• Tarabas, un hôte sur cette terre – Joseph Roth

    Nicolas Tarabas est un proscrit, un jeune Russe des confins de l’Empire chassé de chez lui par son père, qui a néanmoins financé son exil à New York. Ancien étudiant exclu de l’université de Saint Pétersbourg pour avoir adhéré à un groupe révolutionnaire, il déteste New York, cette ville de pierre, et se languit de sa campagne russe natale.

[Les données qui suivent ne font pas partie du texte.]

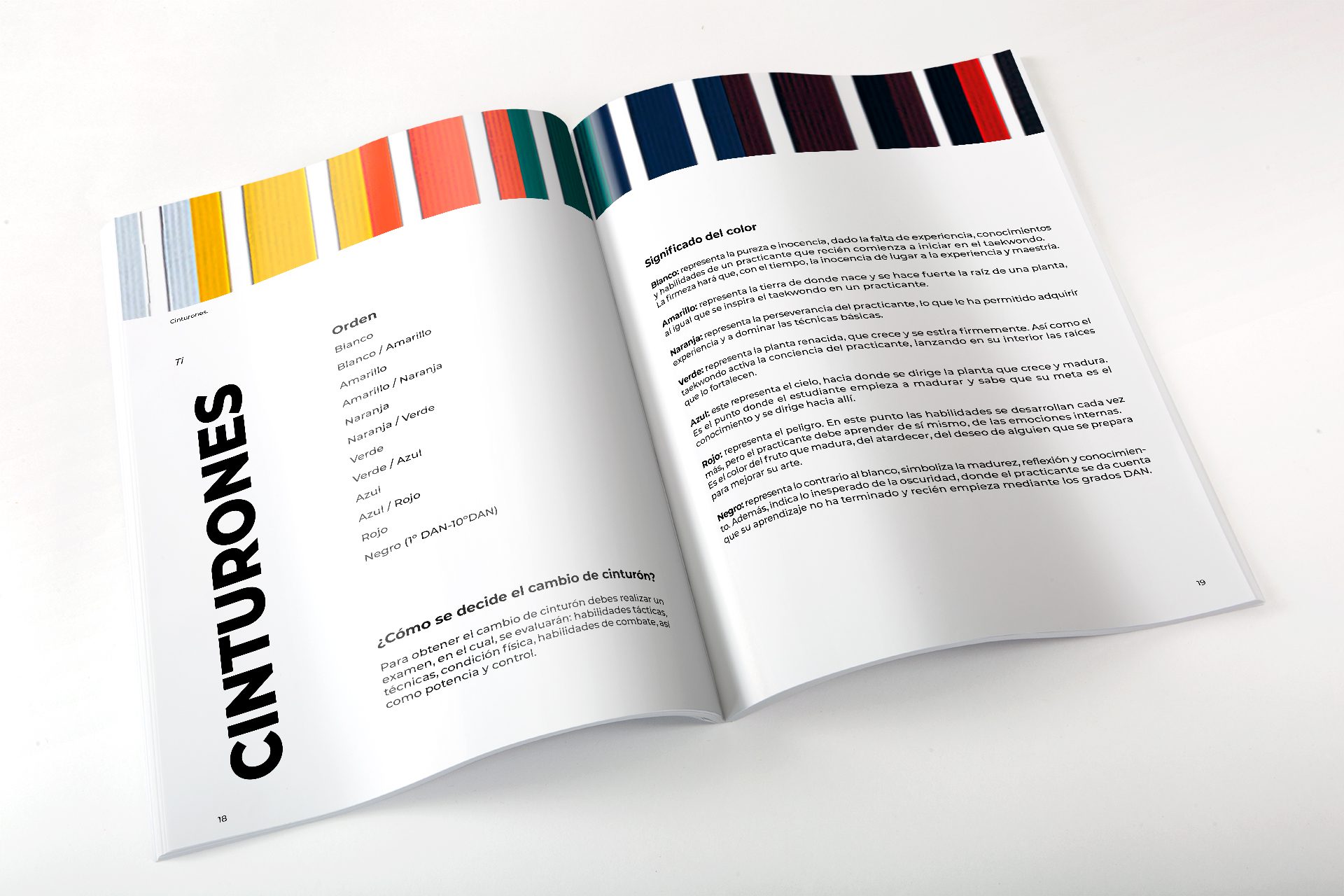Con estas premisas y un exhaustivo estudio previo, tomando referencias incluso internacionales que muchas veces recuerdan a la Bauhaus, Raquel se decidió por una maqueta sencilla, con numerosos blancos y amplios márgenes, pero muy bien estructurada y equilibrada, transmitiendo así los valores que se desprenden de esta disciplina de Arte Marcial. El formato de página es un A5, para abaratar costes, y en él se mantiene contínua una retícula de tres columnas, que ofrecen un amplio abanico de posibilidades compositivas, facilitando el ritmo necesario a la publicación. Una única tipografía de palo seco, Monserrat, en distintos pesos y tamaños, aporta el contraste necesario, sumando al tiempo sencillez y seriedad a la revista.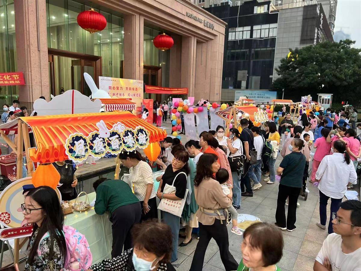 湖北日报讯(通讯员凃倩、李琴)9月27日晚,武汉市武昌区水果湖街道紧扣统一战线“同心聚力·共同缔造”主题,持续推动文明实践活动走进滨湖社区,在中北路德成中心大厦门前广场开展“‘滨’纷中秋乐,同心绘团圆”传统文化市集,现场热闹非凡,吸引近500人游玩。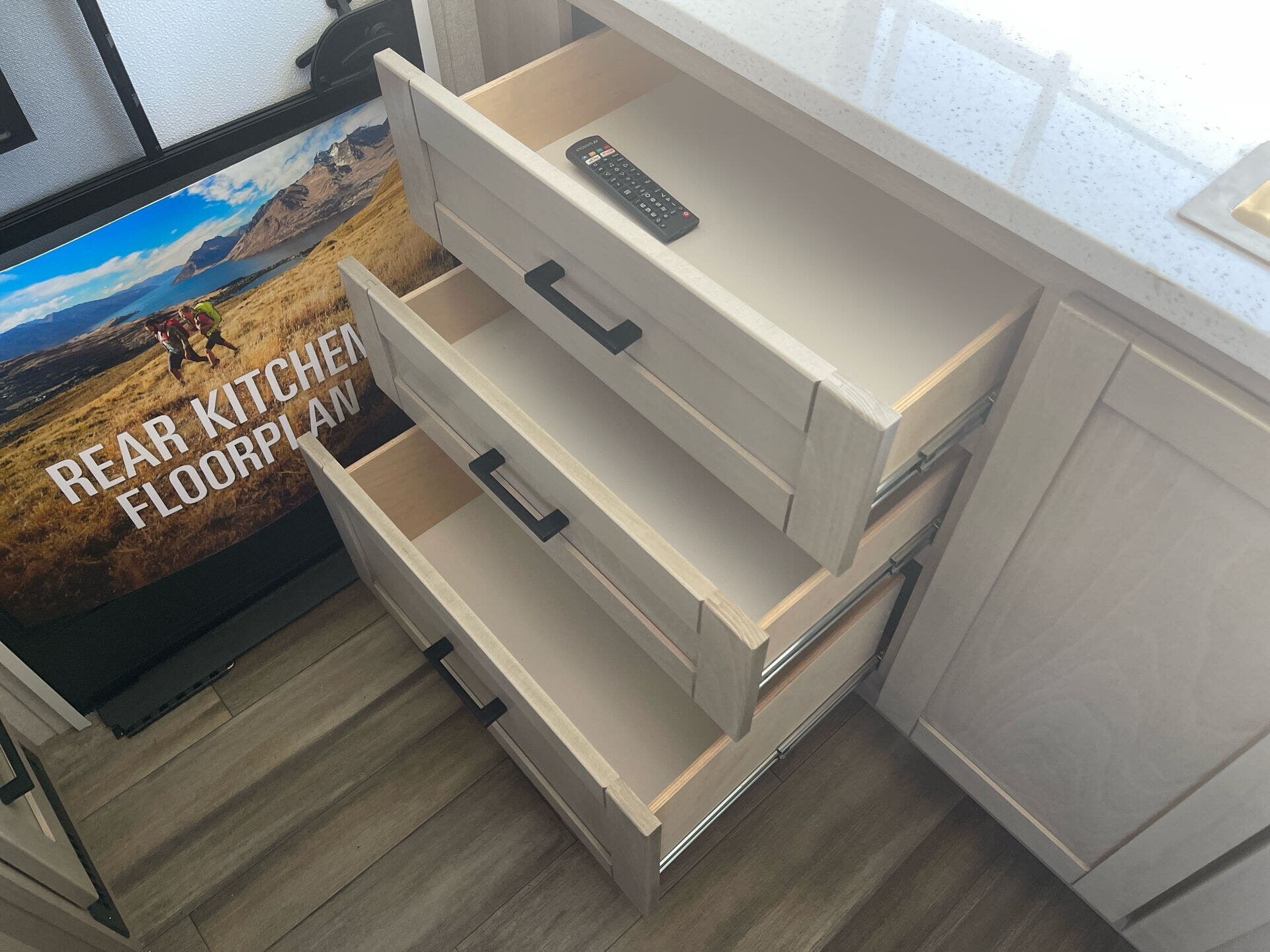 Dinette, Kitchen Sink, Murphy Bed, Queen Bed, Shower, Toilet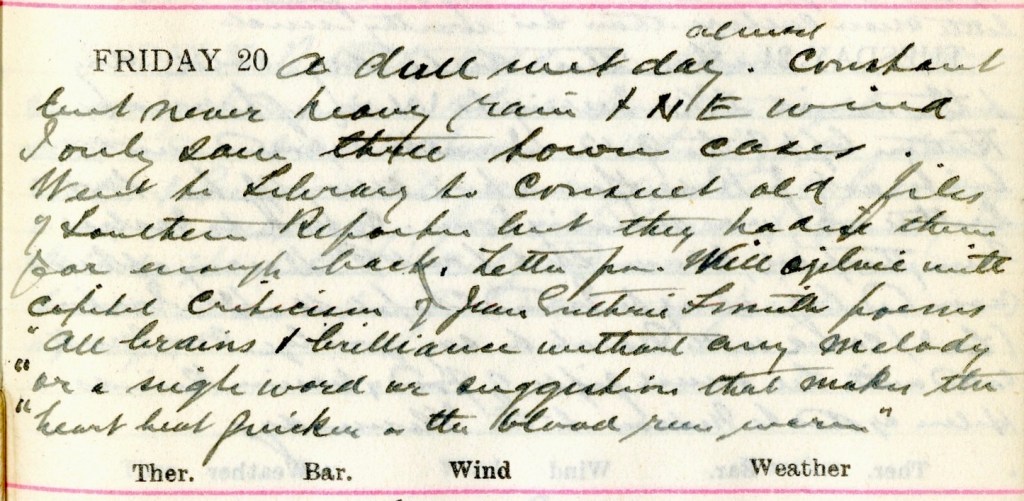 A dull wet day. Almost constant but never heavy rain + N.E. wind. Only saw three town cases. Went to Library to consult old files of Southern Reporter but they hadn’t them far enough back.1 Letter from Will Ogilvie2 with capital criticism of Jean Guthrie Smith’s poems3 “All brains + brilliance without any melody or a right word or suggestion that makes the heart beat quicker or the blood run warm.”4

Une gitane interrogée à une fête foraine à New York lui annonce qu’il sera « un meurtrier et un saint, qui va pêcher et expier, et tout cela ici-bas ». Encore à New York, il crut, à tort, avoir déjà réalisé la première partie de la prédiction après une rixe dans un bar.

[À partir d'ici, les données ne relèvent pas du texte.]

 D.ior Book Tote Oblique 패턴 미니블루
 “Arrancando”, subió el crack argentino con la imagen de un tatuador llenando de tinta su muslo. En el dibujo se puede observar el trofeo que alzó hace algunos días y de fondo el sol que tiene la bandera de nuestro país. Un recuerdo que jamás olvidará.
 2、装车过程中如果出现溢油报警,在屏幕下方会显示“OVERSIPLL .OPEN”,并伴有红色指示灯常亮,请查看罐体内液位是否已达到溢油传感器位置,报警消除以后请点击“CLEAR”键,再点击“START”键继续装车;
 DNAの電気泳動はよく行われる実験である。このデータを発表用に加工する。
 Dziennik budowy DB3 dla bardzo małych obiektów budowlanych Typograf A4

    Depuis Stendhal et Julien Sorel, nous savons que des relations conflictuelles entre père et fils peuvent conduire les jeunes gens à des comportements extrêmes, qu’ils peuvent être amenés à payer de leur vie. Lorsque Tarabas eut vent de la déclaration de guerre en 1914 en Europe, sans hésiter, il reprit le bateau vers l’Europe et regagna le foyer familial.

    Froidement accueilli par ses parents, il entama une relation avec sa cousine Maria, ce qui conduisit son père à le chasser une nouvelle fois. Engagé dans l’armée, son ardeur au combat et sa capacité à entraîner les hommes lui permirent de monter en grade rapidement. Il fut nommé colonel alors que la révolution avait éclaté. La situation se compliqua encore à ce moment-là sur le front et, sans grande transition, Joseph Roth amène la troupe de Tarabas, marquée par la fatigue des combats, dans le bourg de Koropta, situé dans un état frontalier de la Russie et peuplé de paysans et d’une importante communauté juive. 

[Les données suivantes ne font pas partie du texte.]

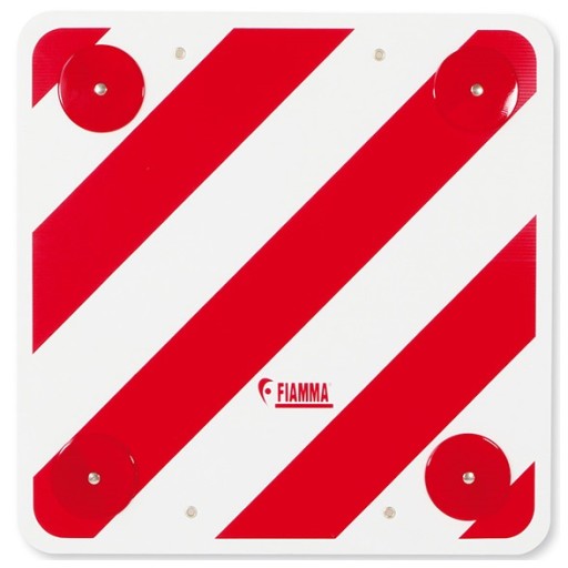 Tablica jest wykonana z lekkiego tworzywa, z 4 odblaskami. Pasuje do każdego pokrowca rowerowego Fiamma.
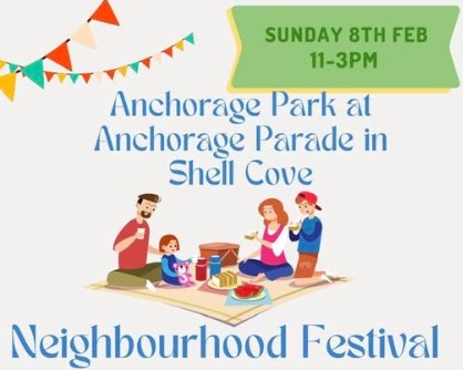 The neighbourhood festival aims to bring the community together in Anchorage Park at Shell Cove. Theme is unity and working together. There will be BBQ sausage sizzle to fundraise for the local school, crafts for children, music and games.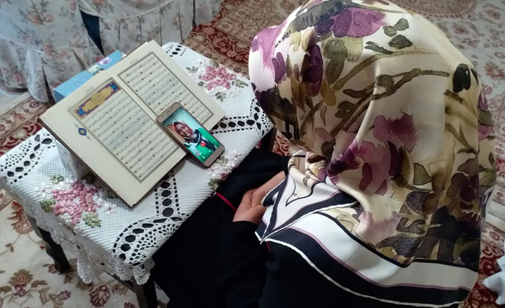 Denizciler Kız Kur'an Kursu’nda hafızlık eğitimine devam eden Younous, Kovid-19 salgınına karşı yüz yüze eğitimlere ara verilmesinin ardından, ezberlerini Kur’an kursu hocalarına görüntülü arama yöntemiyle dinletti.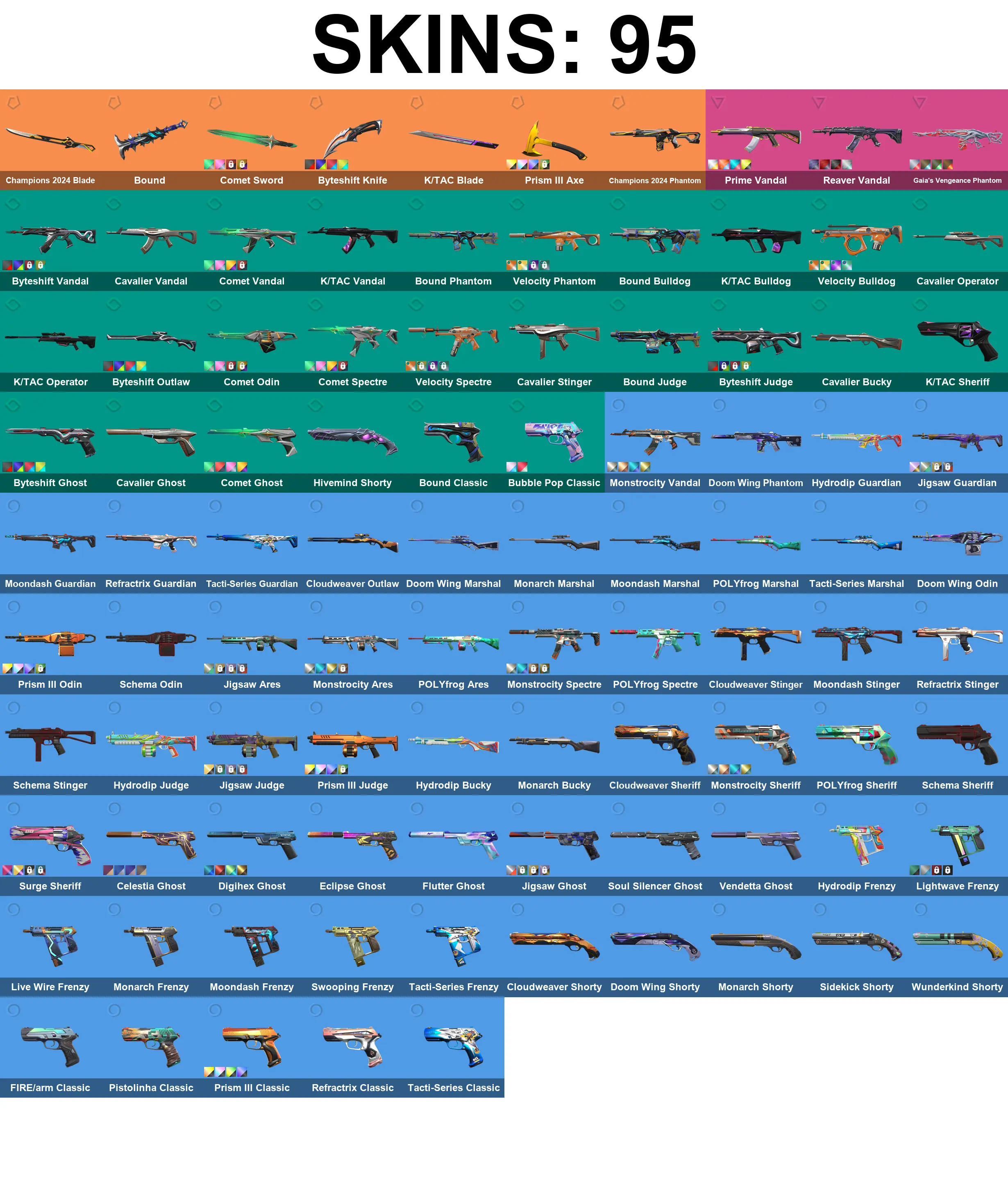 LATAM | 95 Skins + 6 Knives | Champions 2024 Blade | Bound | Comet Sword | Byteshift Knife | K/TAC Blade | Prism III Axe | Champions 2024 Phantom | Prime Vandal | Reaver Vandal | 2x Bronze Buddy + 6x Silver Buddy + 6x Gold Buddy

    Tarabas élit domicile dans l’auberge tenue par un Juif : Nathan Kristianpoller. Une relation se noue entre l’habile aubergiste, habitué à satisfaire les désirs de ses clients de passage chrétiens par de nombreuses tournées de schnaps ou de vodka, et le colonel qui, peu à peu, légèrement abruti par les délices de Koropta, perd la maîtrise de son commandement et délaisse ses hommes. Ainsi le roman d’action entamé par Joseph Roth vire insensiblement, du fait de la pause à Koropta, à la tragédie et au repentir.

    Il se produit un supposé miracle dans la chapelle de la localité, qui entraîne les hommes de Tarabas, emportés par le fanatisme et les effets de l’alcool, à déclencher un véritable pogrom à l’encontre de la population juive.

    Tarabas, qui n’a pas pris part au massacre, s’éveilla de sa torpeur et alla agresser ignominieusement un pauvre Juif à l’esprit affaibli, rescapé du massacre, commettant ainsi le crime prédit par la gitane de New York.

    Cet épisode est le véritable nœud du roman, qui infléchit complètement son action et, sous l’influence conjuguée d’un général humaniste, qui rend visite à Tarabas et prend soin de son avenir, et de l’aubergiste Kristianpoller, qui continue envers et contre tout de soutenir le colonel en dérive, permet au deuxième terme de la prédiction de la gitane de survenir, alors que Tarabas perd pied définitivement.

     

    Quoique menée de façon un peu abrupte, l’action de ce roman confirme la capacité de Joseph Roth à témoigner de l’atmosphère si particulière de l’est de l’Europe au début du XXème siècle et à circonscrire de grands événements historiques sur un fond familial et local par l’exemple d’une intrigue poignante et historiquement juste.